I notice that complaining is one of those things we’ve been trained to dismiss as bad, and in excess, like everything else, it probably is!
But what’s a complaint, really? It’s the opposite side of a sincere desire or a good idea. It’s pointing out something that’s not ok with you, or that you know could be better in some way. When you know what you don’t want, it’s often a lot easier to identify what you do want.
Try it right now:
I really hate it when ___________
It really bugs me that ___________
Now, re-write one of your complaints into something you’d actually like to see:
Instead of ______, it would be great if _________
We think complaining is bad because we don’t know how to get to the other side. We tend to stall out in the complaint phase in a feeling of icky powerlessness. We complain when we feel that we cannot change the thing we do not like, either blaming others or shaming ourselves. It’s the perspective of the victim, and complaining a lot over time can actually create a “victim mindset” in which we feel we are completely, eternally powerless to influence our own lives.

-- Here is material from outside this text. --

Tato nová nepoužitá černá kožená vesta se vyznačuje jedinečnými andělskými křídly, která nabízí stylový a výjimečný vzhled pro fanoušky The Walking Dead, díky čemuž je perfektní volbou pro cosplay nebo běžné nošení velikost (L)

My boss makes vague requests
I’m too lazy to work out
My sister keeps me on the phone too long
Note the absolute language of the typical complaint. It sounds absolute, like a permanent state of affairs! This language structure is a dead end. Blame and shame are a downward spiral. We need to get to the other side of the wall: self-responsibility, or agency.
Once you’ve done the “Instead of…” exercise and you know what you want, it’s time to take responsibility for getting it. Depending on your complaint, this could become anything from a one-time request to a 10-year business plan. For example, the above complaints might be transformed into the following actions:
I’ll ask my boss a clarifying question at our next 1:1
I’ll ask a friend to hold me accountable for 10 minutes of yoga on Wednesday
The next time my sister calls, I’ll tell her up front that I have exactly 20 minutes to talk, and then politely say “Gotta run!” when the time is up.

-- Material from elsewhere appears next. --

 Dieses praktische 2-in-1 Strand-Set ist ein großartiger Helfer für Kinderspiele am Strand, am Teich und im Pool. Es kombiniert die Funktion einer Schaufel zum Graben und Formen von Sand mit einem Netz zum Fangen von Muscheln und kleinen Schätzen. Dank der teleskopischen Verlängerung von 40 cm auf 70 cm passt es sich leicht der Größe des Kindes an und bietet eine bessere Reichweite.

You don’t have to act on every complaint, of course, that would be exhausting! But just knowing that you could if you wanted to–that in itself often neutralizes the complaint. It’s the feeling of powerlessness that feels so sticky. Once you know you have agency, even if you choose not to use it, you’re free.
If this exercise feels daunting, I suggest you give yourself permission to complain for 5 whole minutes, in the privacy of your journal. Complain about every tiny little thing you can think of, just for fun! For those of us who have been taught to “never complain,” this activity can be surprisingly liberating, and can reveal some hidden wishes you didn’t know you had!
Remember to do the “Instead of…” exercise afterward.
Experiment with this and please share your discoveries in the comments! If you’d like to learn more about the coaching process, reach out to me for a private consultation or check out my upcoming Creative Fire group coaching course.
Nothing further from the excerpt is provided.